The supported options will evolve over time so you should refer to the official help menu by running rack_tool --help. This will help identify the installed version and a more detailed help for this version can be obtained from the rack_tool online documentation page. Select the version that your tool reports. The baseline supported options are listed below.

Synopsis

rack_tool.py [–version] [–help] <command> [<args>]

[–ipum <name bmc-ip gw-ip bmc-username bmc-password gw-username gw-password>]

[–global-credentials <bmc-username bmc-password gw-username gw-password>]

rack_tool.py bist [–help]

rack_tool.py status [–help] [–no-color]

rack_tool.py run-command [–help] -c <command> -d <device> <device> is: gw|bmc

rack_tool.py power-off [–help] [–hard]

rack_tool.py power-on [–help]

rack_tool.py power-cycle [–help]

Options

–ipum, –global-credentials

These options have to be provided after the command parameter.

-v, –version

Print the version of the tool

-h, –help

Prints the synopsis and a list of all available commands. --help can also be given after a command to show individual help for each command.
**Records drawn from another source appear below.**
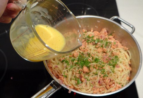Add the salmon to the onions about 1 minute before the pasta is ready.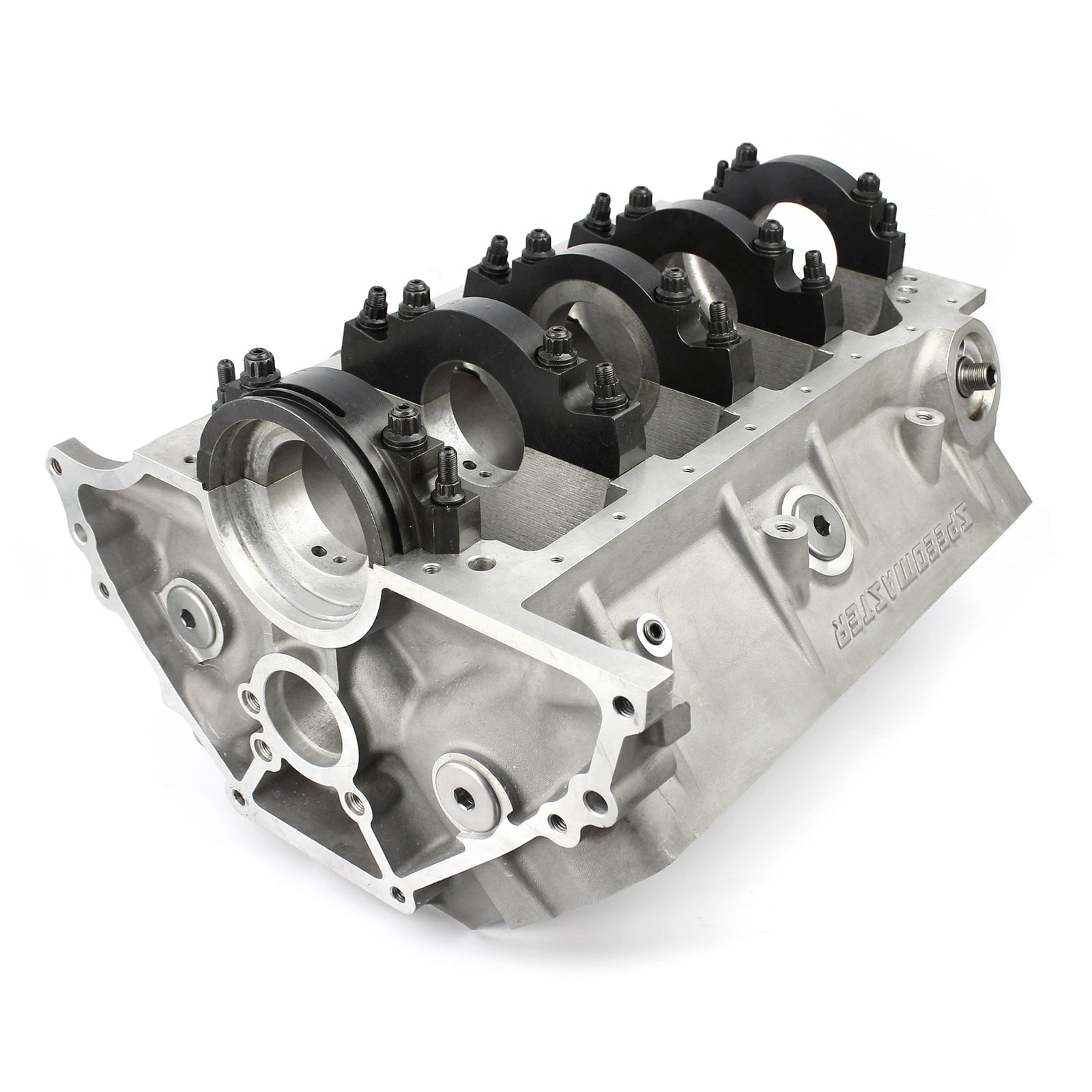 Features Include: Ductile iron sleeves and extra thick cylinder walls & decks, 4 bolt splayed mains, enlarged bosses for offset or oversize lifters and scalloped water jacket holes for improved cooling. Siamesed cylinders and front and rear external oil inlets, crossover and restrictor provisions to simplify plumbing with external pump. Screw in freeze plugs. Used in 1500+HP Applications!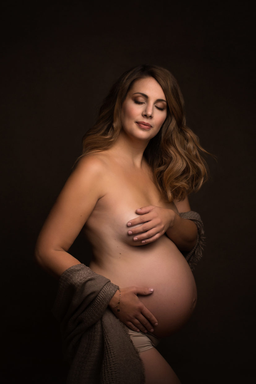 Nous réaliserons votre séance grossesse entre le 7e et 8e mois (28-34 semaines). Votre ventre est bien rond et n’avez pas la fatigue du 9e mois.
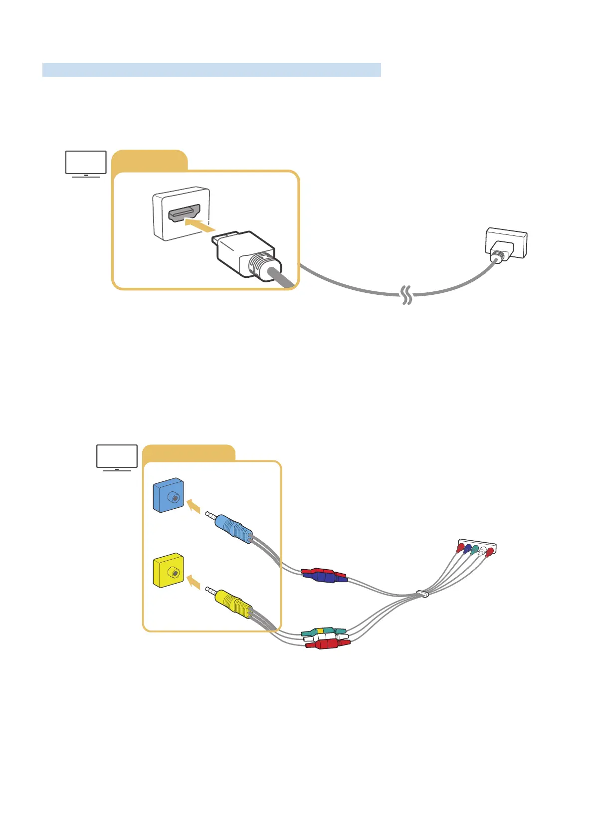 To use component equipment, connect both a component cable (blue) and an AV cable (yellow).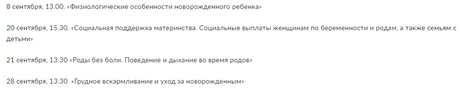 Министерство здравоохранения Тульской области опубликовало сентябрьское расписание занятий в школах материнства областного перинатального центра.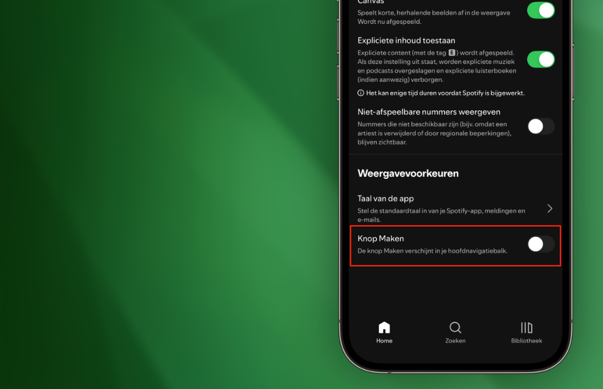 Met de Maken-knop kun je een afspeellijst, gezamenlijke playlist, Blend of Jam starten in Spotify. Gebruik je deze functies zelden? In dat geval is het handiger om de button in Spotify uit te schakelen. De Maken-knop staat op de plek waar je voorheen de snelkoppeling naar de Bibliotheek vond, waardoor je de button vermoedelijk snel per ongeluk aantikt. Zo voorkom je dat: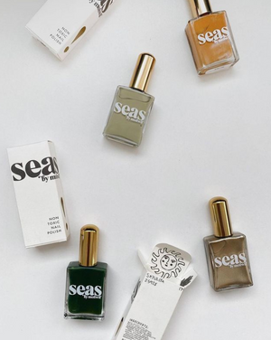 Seas by Merewif polish is a vegan friendly formula FREE of Toluene, Formaldehyde, Formaldehyde Resin, Camphor, Dibutyl Phthalate, Xylene, TPHP, Parabens, Fragrances, Animal Products, and Phthalates.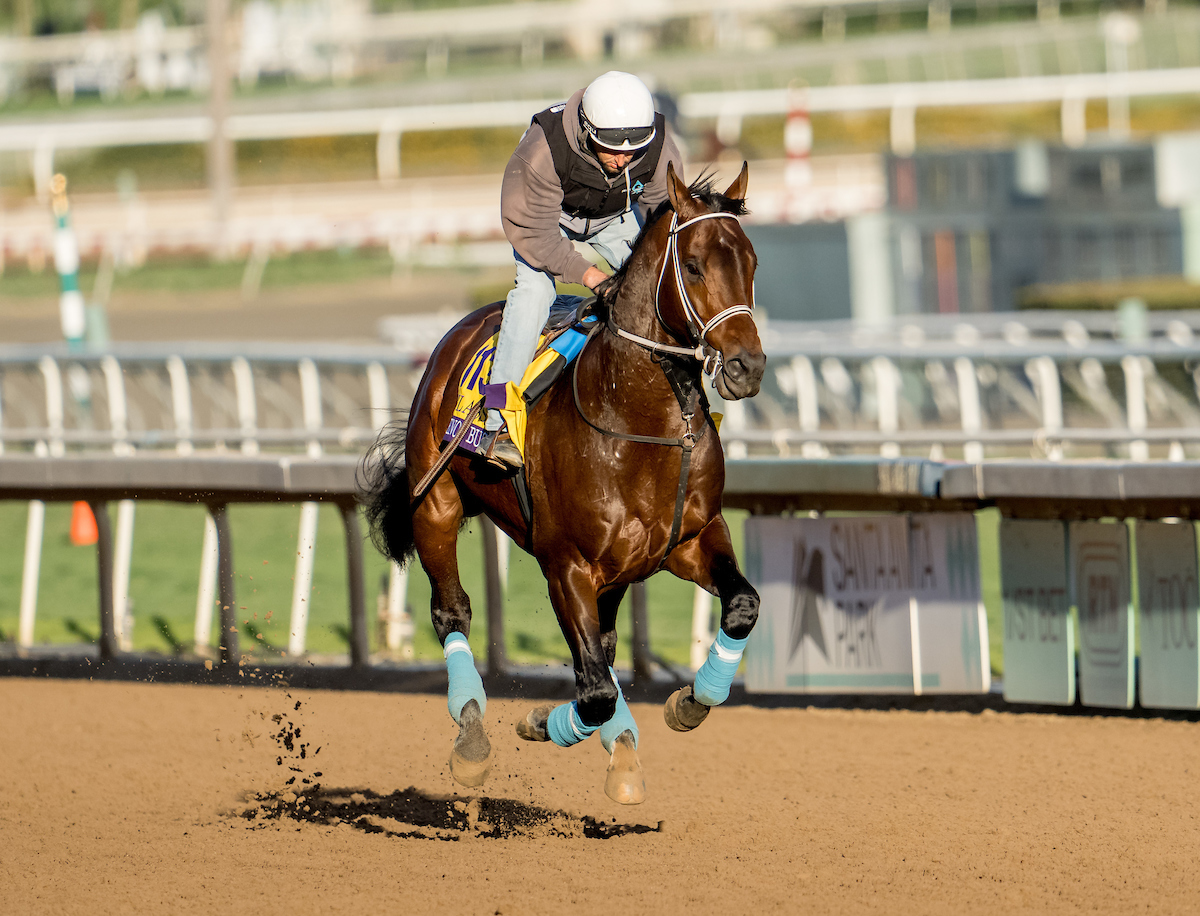 Senor Buscador, trained by Todd W. Fincher, exercises during morning workouts at Santa Anita Park in Arcadia, California on October 30, 2023 as horses prepare for the 2023 Breeders Cup World Championships. Scott Serio/Eclipse Sportswire/Breeders Cup
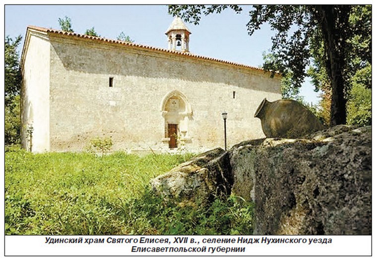 Население составляют удины (православные и григориане, говорят между собой по-удински), армяне, татары (в 1936 г. кавказские татары или тюрки Азербайджанской ССР были переименованы в азербайджанцев. – М. и Г.М.) и евреи… Сельский суд состоит из 5 лиц: по 1 от православных, татар, евреев и 2 от григориан. Письменная часть ведется писарем на армянском языке.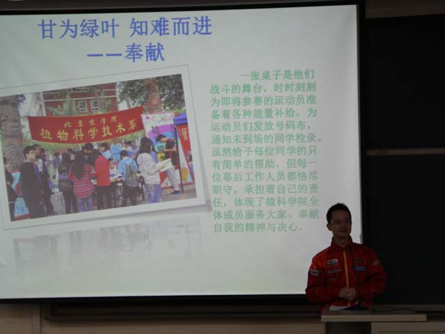 副经理赵宇昕对植科科学技术公司的体育工作做了一个简单的汇报。我们从过去距离第一名相差200多分,到了去年与第一名相差85分,而今年,我们拿到了第一,如同凤凰涅槃一般。今天的成绩和同学的付出充分诠释了我们植科精神“奉献、团结、进取、专业”的内涵。表彰会上,根据运动会期间的表现评选出了十名优秀运动员和十名优秀志愿者,赵宇昕宣读了获奖名单。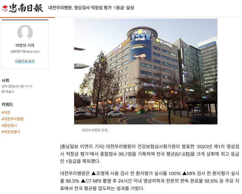 [Ãæ³²ÀϺ¸] ´ëÀü¿ì¸®º´¿ø, ¿µ»ó°Ë»ç ÀûÁ¤¼º Æò°¡ '1µî±Þ' ´Þ¼º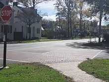The Bustleton and Somerton Turnpike, a turnpike, was incorporated on April 14, 1840, running through present-day Northeast Philadelphia.[5] In 1872, the Bustleton and Somerton Turnpike was combined with the Richborough and Feasterville Turnpike Road to form one continuous turnpike.[6] The city of Philadelphia approved renaming the Bustleton and Somerton Turnpike within the city to Bustleton Avenue in 1903.[7] When Pennsylvania legislated its state highways in 1911, what would become PA 532 was legislated as part of Legislative Route 252 between Newtown and Yardley.[8] In 1928, PA 532 was designated to run from US 1 in Northeast Philadelphia north to PA 32 in Yardley, following its current alignment to Newtown, where it turned east and ran to Yardley. The portion of the current route between Newtown and Washington Crossing was designated as PA 632.[9][10]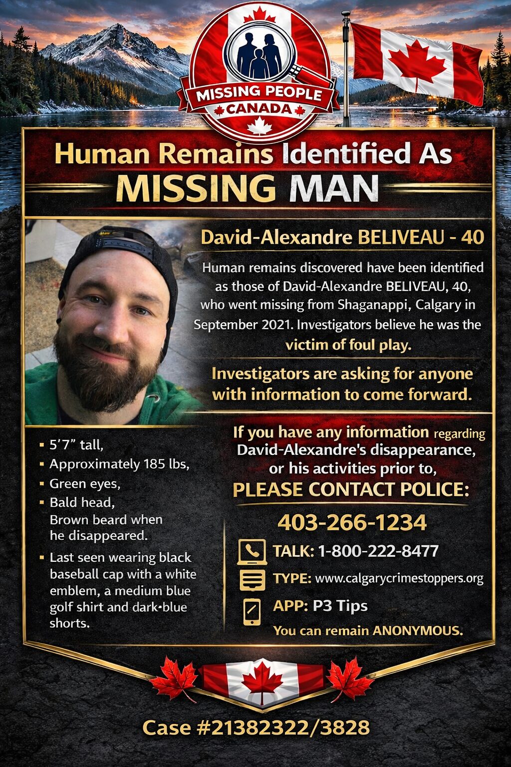 🚨 Human Remains Identified – David-Alexandre Béliveau, 40 – Missing from Calgary Since September 4 2021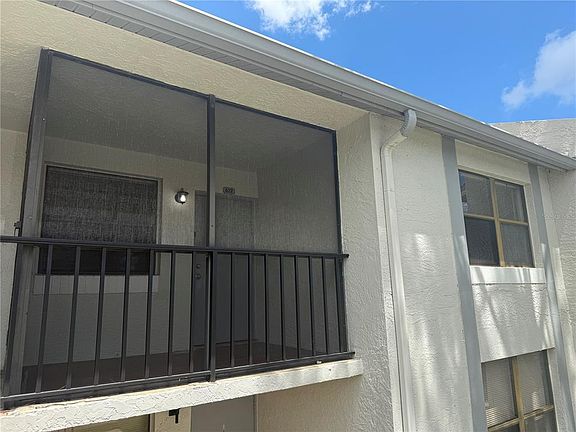 TOP FLOOR CONDO IN GATED COMMUNITY! As you enter, you'll be greeted by a private screened porch that leads to an open floor plan with a ceramic-tiled living and dining room. The kitchen is conveniently equipped with a pass-through, making entertaining a breeze. Both the living room and master bedroom boast a view of the gardens landscaping, complete with a tranquil trickling brook. This unit is the perfect oasis for relaxation and entertainment. Don't miss out! This condo association INCLUDES FLOOD INSURANCE and trash removal as part of their incredibly low HOA fee. On site recreation center with clubhouse, pool, spa, gym, gas grill, eating area, tennis court, pickle ball court and basketball court (with AC and league play). Feather Sound offers lots of green space with nature trails, playgrounds, park areas, soccer field and outdoor basketball courts. Take a leisurely stroll, a jog or a bike ride on the endless community sidewalks around the Feather Sound loop.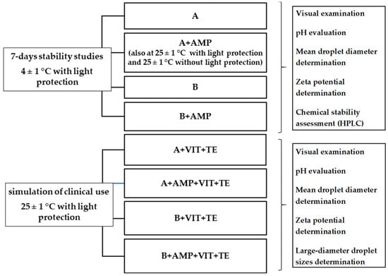Additionally, for the tested TPN admixtures (A, B, A + AMP, B + AMP) with vitamins and trace elements, the distribution of large-diameter droplet sizes assessment was performed in accordance with the requirements of the US Pharmacopoeia [11]. The measurements were taken immediately after the preparation of the samples and after 24 h. A routine gravity infusion set (Exadrop, B. Braun AG Melsungen) was used for sample collection, a procedure simulating the administration of TPN admixtures to hospital patients. All samples were stored at 25 ± 1 °C with light protection. A diagram of the study design is presented in Figure 1.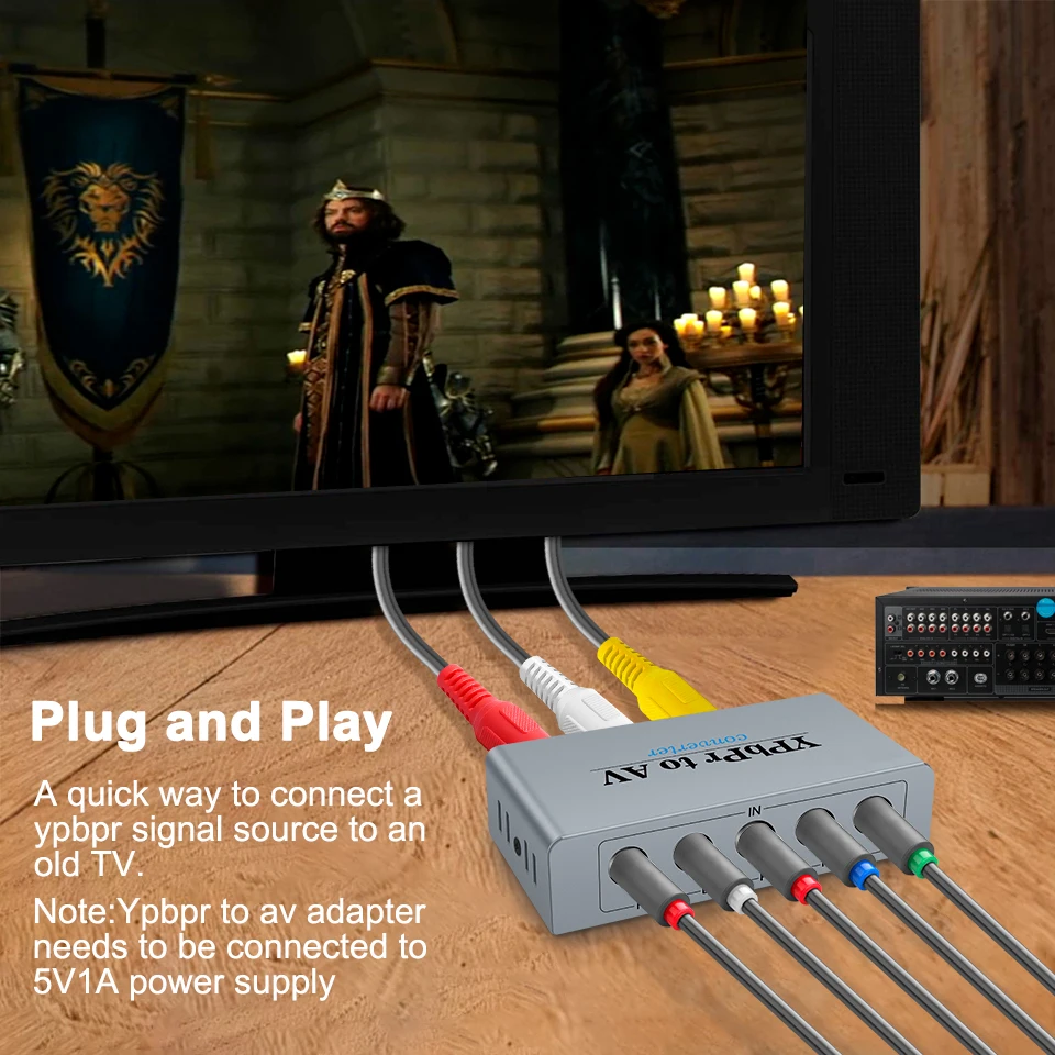 El convertidor de vídeo por componentes (YPbPr) a AV le permite conectar su antiguo REPRODUCTOR DE DVD YPbPr o consola de juegos/Xbox 360 a su nueva pantalla AV. Admite la resolución de vídeo más alta hasta 1080P (máx.). Fácil de instalar y diseño simple. Plug and play, no se necesita software.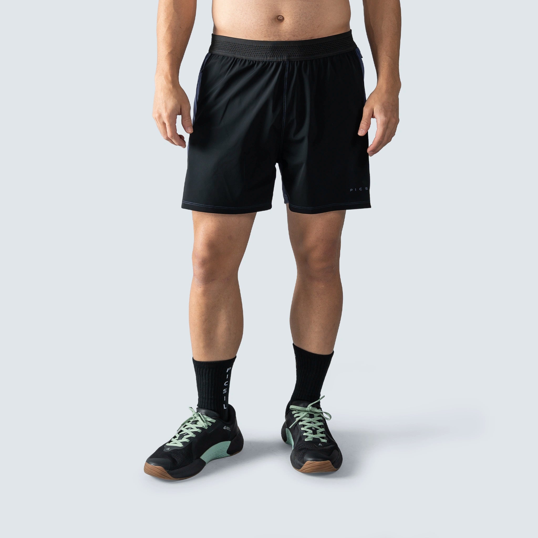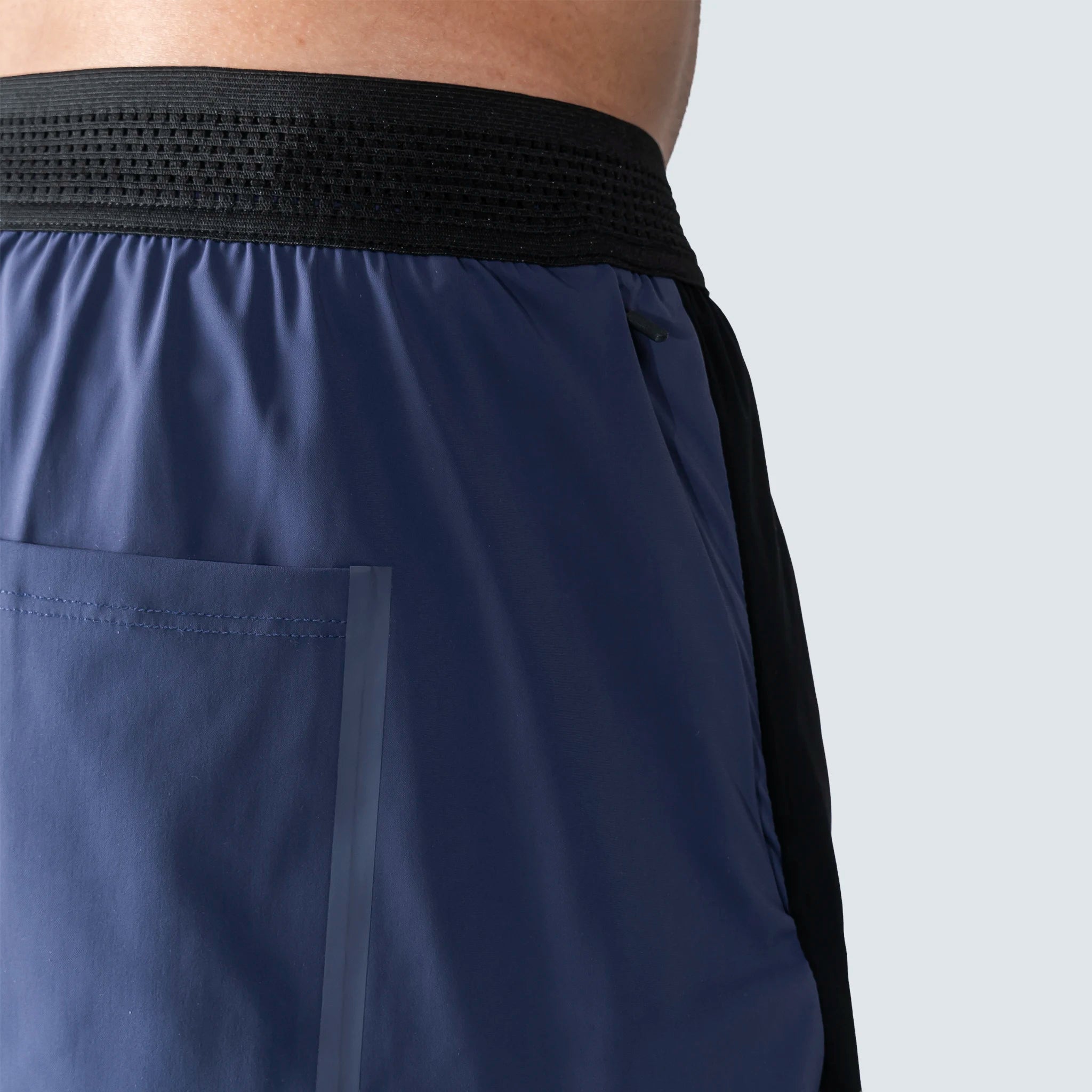 La cintura elástica de 5 cm incluye un cordón plano interior para un ajuste seguro. El tejido principal es una mezcla de poliéster y elastano, con costuras planas que reducen la irritación. Se ha añadido una abertura lateral con dobladillo termosellado y 3 cm extra en el tiro para mantener holgura en la entrepierna.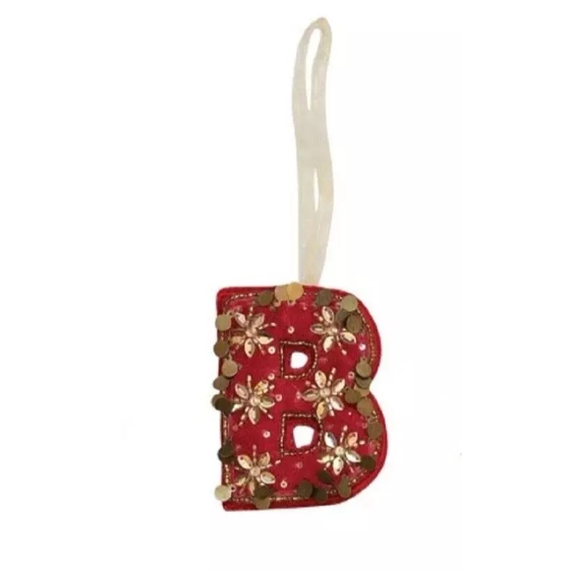 Creative Co-Op Monogram Initial Red Velvet Beaded Ornament Letter "B" 3 1/2"H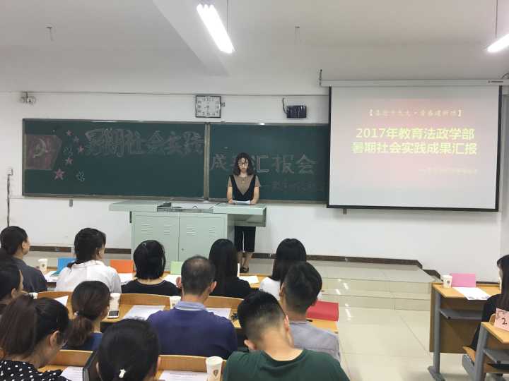 “喜迎十九大 青春实践行”教育法政学部2017年暑期社会实践活动圆满落幕-缩小 放大+ 2017-09-26在党的十九大胜利召开前夕,为鼓励引导青年学生深入社会、了解国情、关注民生,9月22日教育法政学部在第六教学楼303教室举办“喜迎十九大 青春实践行”暑期社会实践成果汇报活动,部长周桂英及全体辅导员老师与2017级同学们参加了本次活动。

–ipum <*name bmc-ip gw-ip bmc-username bmc-password gw-username gw-password*>

Option to manually define what machines to do operations on instead of using a config file. Several machines can be selected by passing the --ipum option several times. Example: rack_tool.py upgrade --ipum machine1 10.1.1.1 10.1.1.2 root password itadmin password

–global-credentials <*bmc-username bmc-password gw-username gw-password*>

Option to set a common set of login details for the machines selected with --ipum option. If this option is used, the password and username parameters for the --ipum option can be omitted. Example: rack_tool.py upgrade --ipum machine1 10.1.1.1 10.1.1.2 --ipum machine2 10.1.2.1 10.1.2.2 --global-credentials root password itadmin password

Commands

upgrade

Start upgrade of all machines. NOTE: This should not be used directly from rack_tool. Instead, always use the IPU-POD DA install script

bist

Run built-In self-test per machine that checks that most components on the board are available and functional

status

Show network connectivity status and software versions for IPU-M2000s in a rack

install-key

Install current users public SSH key to all machines

run-command

Run a command on a device on all machines

power-off

Power off GW and IPUs on all machines

power-on

Power on GW and IPUs on all machines

power-cycle

Power cycle GW and IPUs on all machines

Exit status

0

Successful program execution

1

Unsuccessful program execution

Files and directories

rack_config.json file format

rack_config.json is a json file that rack_tool is using to know how to connect to all the machines in a rack. It consists of the file objects global_credentials and machines.

global_credentials

This is an object that holds the login details of the BMC and GW. The object has the following key/value pairs:

"global_credentials": {
    "bmc_username": "<username>",
    "bmc_passwd": "<password>",
    "gw_username": "<username>",
    "gw_passwd": "<password>"
}

machines

This is an array of machine objects that holds information about each machine in the rack. Each machine object consists of the following key/value pairs (listed here in reverse physical order):

"machines": [
    {
        "name": "8204721-0065",
        "gw_ip": "10.44.44.75",
        "bmc_ip": "10.44.44.74",
        "mx_ip": "10.44.44.253"
    },
    {
        "name": "8204721-0092",
        "gw_ip": "10.44.44.62",
        "bmc_ip": "10.44.44.61",
        "mx_ip": "10.44.44.237"
    },
    {
        "name": "8204721-0084",
        "gw_ip": "10.44.44.99",
        "bmc_ip": "10.44.44.98",
        "mx_ip": "10.44.44.245"
    },
    {
        "name": "8204721-0071",
        "gw_ip": "10.44.44.93",
        "bmc_ip": "10.44.44.92",
        "mx_ip": "10.44.44.226"
    }
]

Note

The machines section of this json file for an IPU‑POD16 DA system should look as shown in the text above. An IPU‑POD4 DA system of this product should only include the first IPU-M2000 entry. The IP addresses will be filled in by the IPU-POD DA install script as they are controlled by the admin user.

~/.rack_tool/

  • This directory is the default location for configuration files.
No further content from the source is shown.